‘It only needs all’: re-reading Dialectic of Enlightenment at 70
by Marcel Stoetzler (opendemocracy)
Seventy years ago, Querido Verlag published a densely written book that has become a key title of modern social philosophy. Underneath its pessimistic granite surface a strangely sanguine message awaits us.

How do you make an argument against social domination when the very terms, concepts and languages at your disposal are shaped by, and in turn serve that same social domination? Probably in the way you would light a fire in a wooden stove. How would you write a book about the impossibility of writing just that book? Like a poem about the pointlessness of poems. What if your enemies’ enemies are your own worst enemies? Can you defend liberal society from its fascist enemies when you know it is the wrong state of things? You must, but dialectics may well ‘make cowards of us all’ and spoil our ‘native hue of resolution’.
Dialectic of Enlightenment¹ is a very strange book, and although it was published, in 1947, by the leading publishing house for exiled, German-language anti-fascist literature, the Querido Verlag in Amsterdam, alongside many of the biggest literary names of the time, no-one will have expected that it gradually became one of the classics of modern social philosophy.
It is a book that commits all the sins editors tend to warn against: its chapters are about wildly differing subject matters; the writing is repetitive, circular and fragmented; no argument ever seems exhausted or final and there are no explicitly stated conclusions, and certainly no trace of a policy impact trajectory.
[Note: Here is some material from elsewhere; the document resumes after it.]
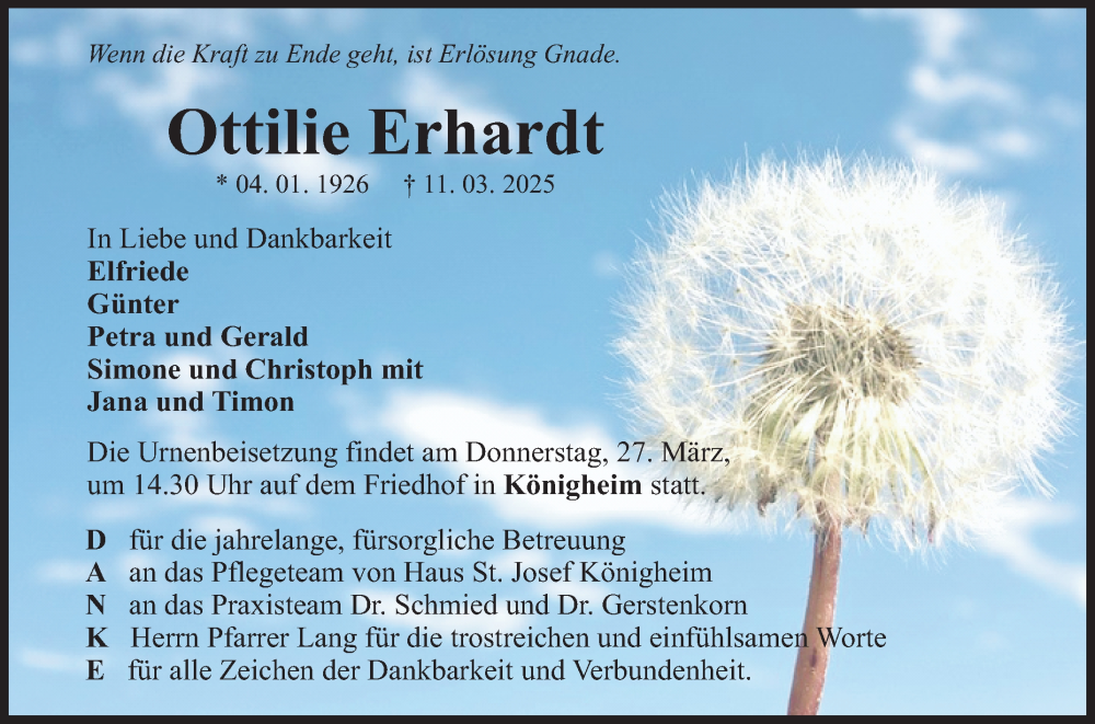 Hier finden Sie alle Traueranzeigen aus der Zeitung, die bisher für Ottilie Erhardt erschienen sind. Weitere Traueranzeigen, die in der Zeitung erscheinen, werden hier ebenfalls aufgelistet

Arguments start somewhere, suddenly come to a halt and then move on to something else. If this sounds like the script for a Soviet film from the revolutionary period, then that is not totally coincidental: it is an avant-garde montage film, transcribed into philosophy.
Unsurprisingly, given that it was written during WW2 in American exile and published at the beginning of the Cold War, it does not carry its Marxism on its sleeves, but it gives clear enough hints: in the preface, Horkheimer and Adorno state that the aim of the book is ‘to explain why humanity, instead of entering a truly human state, is sinking into a new kind of barbarism’. This addresses the dialectic referenced in the title of the book. The important bit here is the ‘instead of’: the reality of barbarism was undeniable and clearly visible, but the originality of the formulation lies in its implication that humanity could have been expected to enter ‘a truly human state’ sometime earlier in the twentieth century, leaving behind its not so human state.
The promise of progress towards humanity, held by socialists (and some liberals), blew up in their faces. It would have been easy and straightforward then to write a book arguing against the holding of such hope, but this would not have been a dialectical book; Dialectic of Enlightenment undertakes to rescue this hope by looking at why progress tipped over into its opposite.